Results and Discussions

Performance Insights

The results were clear:

Process-Supervised Models:

These models outperformed outcome-supervised models significantly in both large-scale and small-scale setups. They demonstrated higher reliability in selecting correct solutions when evaluating best-of-N samples.

Outcome-Supervised Models:

Although the ORM performed close to majority voting, it was overshadowed by the superior performance of PRMs. The outcome supervision was less effective primarily due to its struggle with credit assignment in multi-step reasoning problems.

Alignment and Safety

The paper discusses several advantages of process supervision in terms of AI alignment:

Interpretable Reasoning:

Since process supervision rewards human-endorsed steps explicitly, the resulting models are more interpretable and their reasoning easier to scrutinize.

Safety:

By directly rewarding aligned chains-of-thought rather than relying on potentially misleading outcome-based signals, it mitigates risks associated with the proxy alignment.

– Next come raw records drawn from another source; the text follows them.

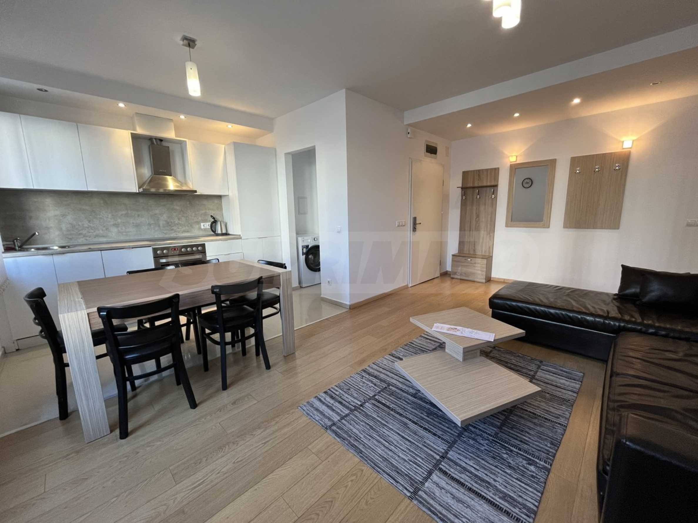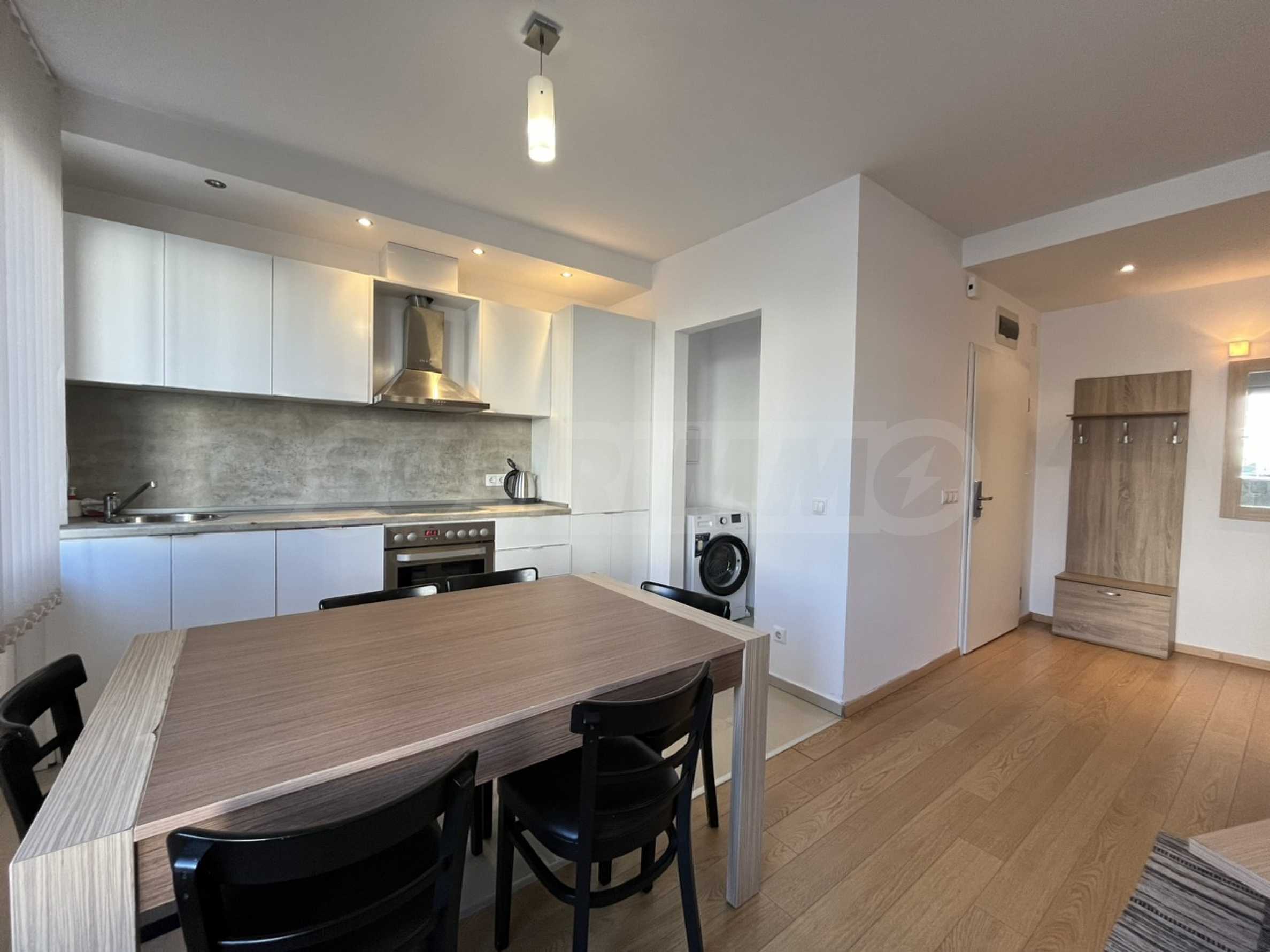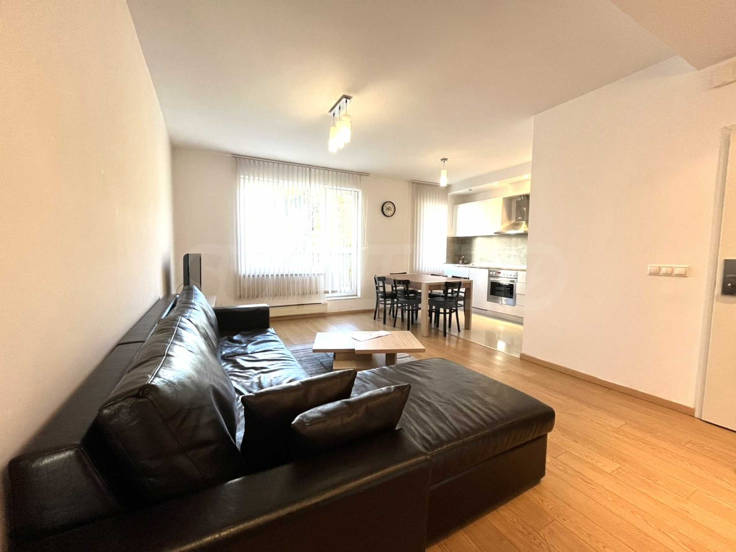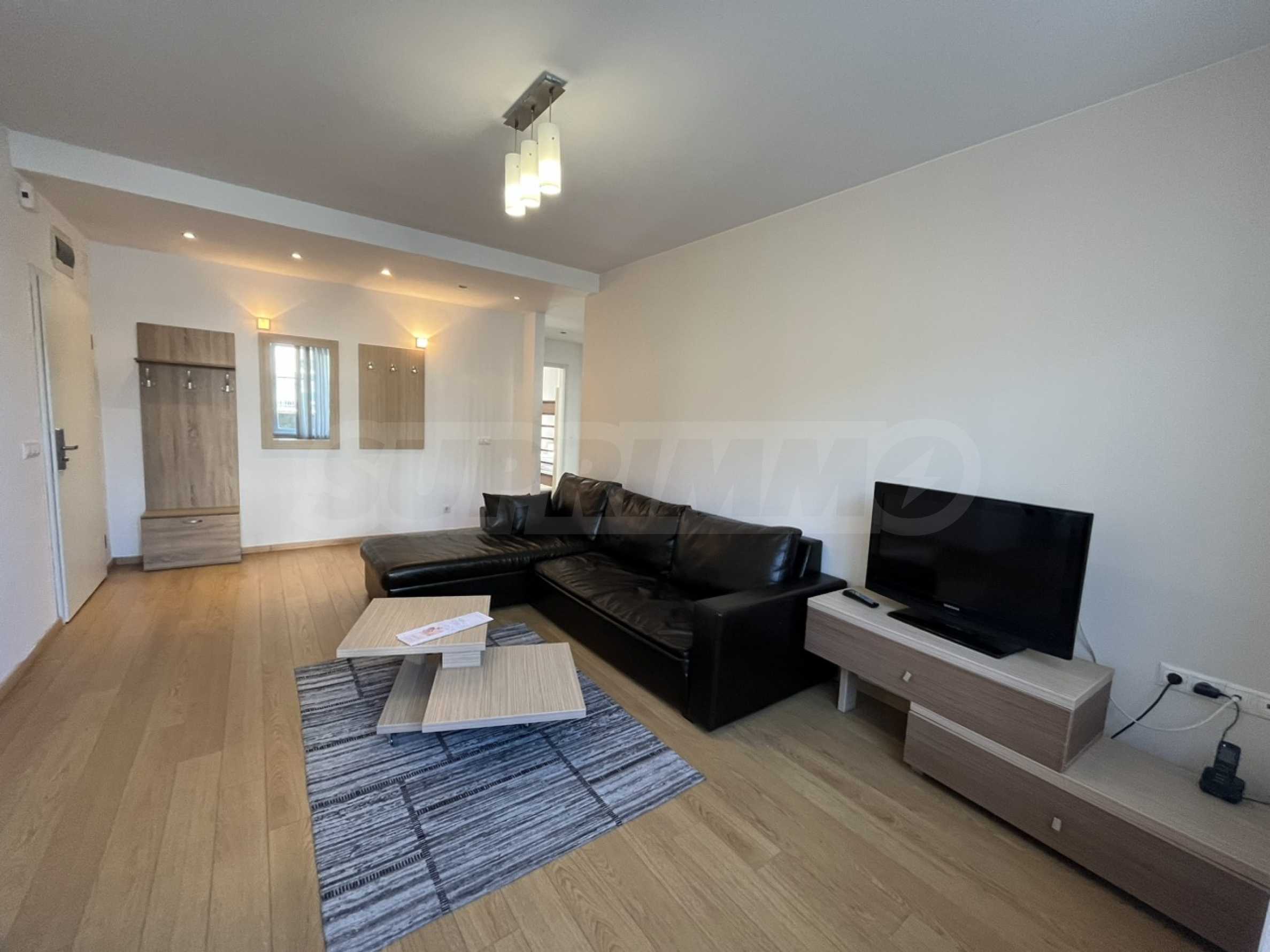 Жилището е с индивидуален дизайн, с голямо внимание към детайлите. В декорацията са използвани само най-висококачествените и естествени материали. Просторната всекидневна разполага с мека мебел и бяла кухня, която е напълно оборудвана с висок клас техника: фурна, котлони и хладилник.
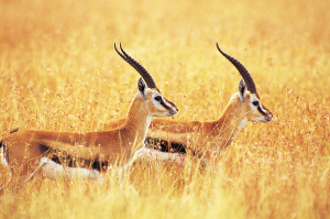 而當(dāng)我們上車離開(kāi)的時(shí)候,它們竟然又群起而追之,飛奔的四蹄濺起陣陣煙塵。它們與我們的車子齊頭并進(jìn),看著它們?cè)噲D超越我們的樣子,不得不從心里贊賞它們的彪悍強(qiáng)壯。在最酷烈的生存環(huán)境里,它們卻成就了最卓越的自我;在最荒寂的土地上,它們卻開(kāi)出了最讓人心動(dòng)的生命花朵。大自然就是這樣的奇妙!
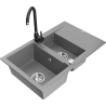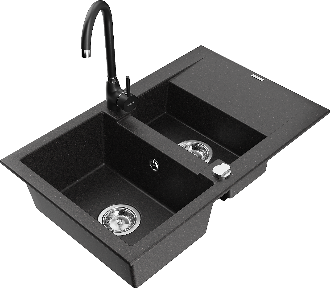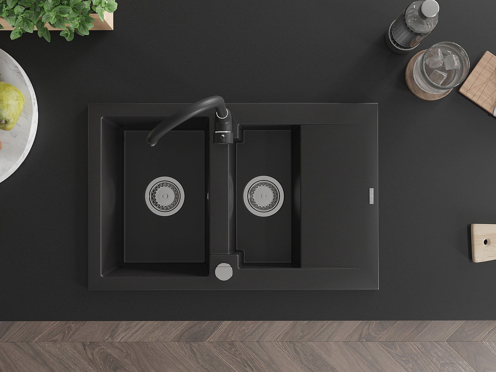 Mexen Gaspar granitē izlietne 1,5 nodalījumu ar notecināšanas plātni un virtuves jaucējkrānu Telma, melna - 6507-77-670200-70
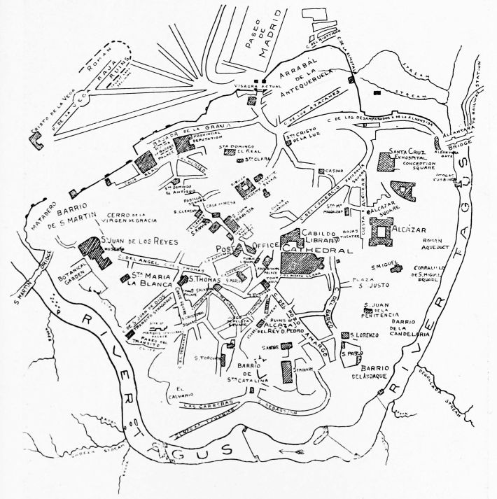The ambition of the author has not been to throw fresh light on a well-worn subject, nor to{viii} supplement the work of earlier and more erudite writers with new facts or theories, but simply, as in the case of the earlier volumes in this series, to equip the illustrations with a brief, explanatory text. It would be futile to attempt to even outline the story of Toledo in some hundred and fifty pages of letterpress, but I hope it may be found that in this limited space sufficient detail has been given to convey to the reader a general idea of the changing fortunes and unchanging character of the city, which Padilla has described as “the crown of Spain, the light of the world, free from the time of the mighty Goths.”

Implications and Future Directions

The implications of this research are profound:

For Training LLMs: The findings suggest that employing process supervision can yield more reliable and aligned models, particularly in domains requiring complex reasoning.
For Data Efficiency: Active learning presents a significant avenue for reducing the cost of human feedback, making the scaling of such techniques practical.
For Broader AI Research: The release of PRM800K is likely to enable subsequent research, potentially investigating the impact of process supervision in other domains.

Conclusion

"Let's Verify Step by Step" provides compelling evidence that process supervision can train more reliable reward models compared to outcome supervision in the context of mathematical reasoning tasks. This research emphasizes the importance of fine-grained feedback and presents a scalable way to collect valuable human data. The implications for AI alignment and model interpretability underscore the importance of these techniques in advancing safe and reliable AI systems. Future work should investigate the generalizability of process supervision to other domains and further refine active learning strategies.